El calendario político en Colombia avanza, pero en el departamento del Cauca, la cuenta regresiva no es solo para las elecciones: es una cuenta regresiva para la tranquilidad y, a menudo, para la vida. La jornada del pasado jueves 13 de noviembre, marcada por los ataques coordinados de las disidencias de las Farc, no fue un incidente aislado, sino una declaración de guerra que expone la fragilidad de la paz y la soberanía del Estado en una de sus regiones más estratégicas.
La respuesta de las disidencias a los bombardeos ordenados por el presidente Petro fue rápida, brutal y, lo más preocupante, audazmente coordinada. Los informes que llegan desde Padilla, Corinto, Caloto, Inzá, El Patía y Timbío dibujan un panorama de terrorismo táctico: ataques con drones contra estaciones de policía, como el reportado por comerciantes aturdidos en Timbío, y el uso de retenes para pinchar neumáticos y pintar vehículos con grafitis, una intimidación simbólica que busca anular la presencia estatal y consolidar el control territorial armado. El balance de militares, policías y civiles lesionados es el costo tangible de esta retaliación, pero el costo intangible, el miedo generalizado, es mucho más devastador.
El hecho de que la violencia sea señalada como una “retaliación” por la ofensiva en Guaviare solo subraya un ciclo vicioso: la mano dura militar genera un desplazamiento inmediato del conflicto y una respuesta violenta dirigida a la población civil y a la infraestructura de seguridad local. El Estado reacciona, pero la guerrilla elige el cuándo y el dónde de la confrontación, manteniendo a la sociedad rehén de su pulso.
La metáfora más dolorosa de esta crisis se encuentra en la inminente jornada electoral. La democracia se basa en la libre circulación de ideas y candidatos, pero hoy, en el Cauca, esa libertad está cercenada por la amenaza de la muerte. La noticia de que muchos aspirantes a cargos de elección popular no pueden salir de Popayán para hacer campaña es la prueba irrefutable de que la democracia está sitiada .

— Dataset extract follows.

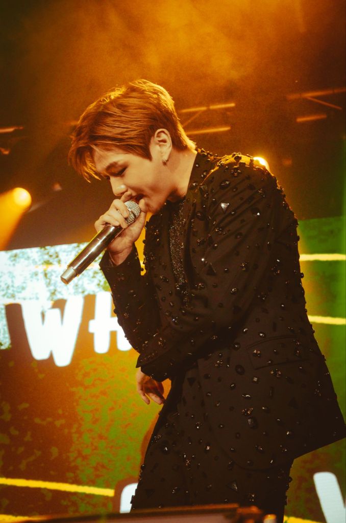 Pour sa toute première venue à Hambourg, Kang Daniel investit la scène du Grosse Freiheit avec “Losing Myself”, ouvrant la soirée sur une note résolument rock et énergique. Vêtu d’un costume noir scintillant et légèrement cintré, il infuse des airs d’artiste soul qui se produit dans une salle indépendante d’un quartier littéraire.

Unos comicios donde los líderes no pueden visitar a sus electores por temor a ser “ultimados” no son un ejercicio pleno de la voluntad popular, sino una elección bajo coacción. Los votos que se depositen serán legítimos, pero el proceso habrá sido profundamente viciado por la intimidación de las armas. Es el grupo armado, y no el ciudadano, quien traza el mapa político del departamento.
El clamor del gobernador Octavio Guzmán, al señalar el “atentado cobarde contra la vida y la tranquilidad del pueblo caucano”, es la voz de una región que exige más que respuestas militares. Exige una estrategia integral que vaya más allá del bombardeo y la retaliación, que recupere el territorio, garantice la seguridad de los ciudadanos y, fundamentalmente, proteja el derecho inalienable de los caucamos a vivir, votar y elegir sin terror.
El Cauca no necesita paños de agua tibia; necesita que el Estado demuestre, con acciones contundentes y una presencia permanente, que la soberanía reside en sus instituciones y en su pueblo, y no en el fusil de las disidencias. De lo contrario, seguiremos viendo cómo la guerra le roba a la democracia sus voces, sus líderes y su futuro.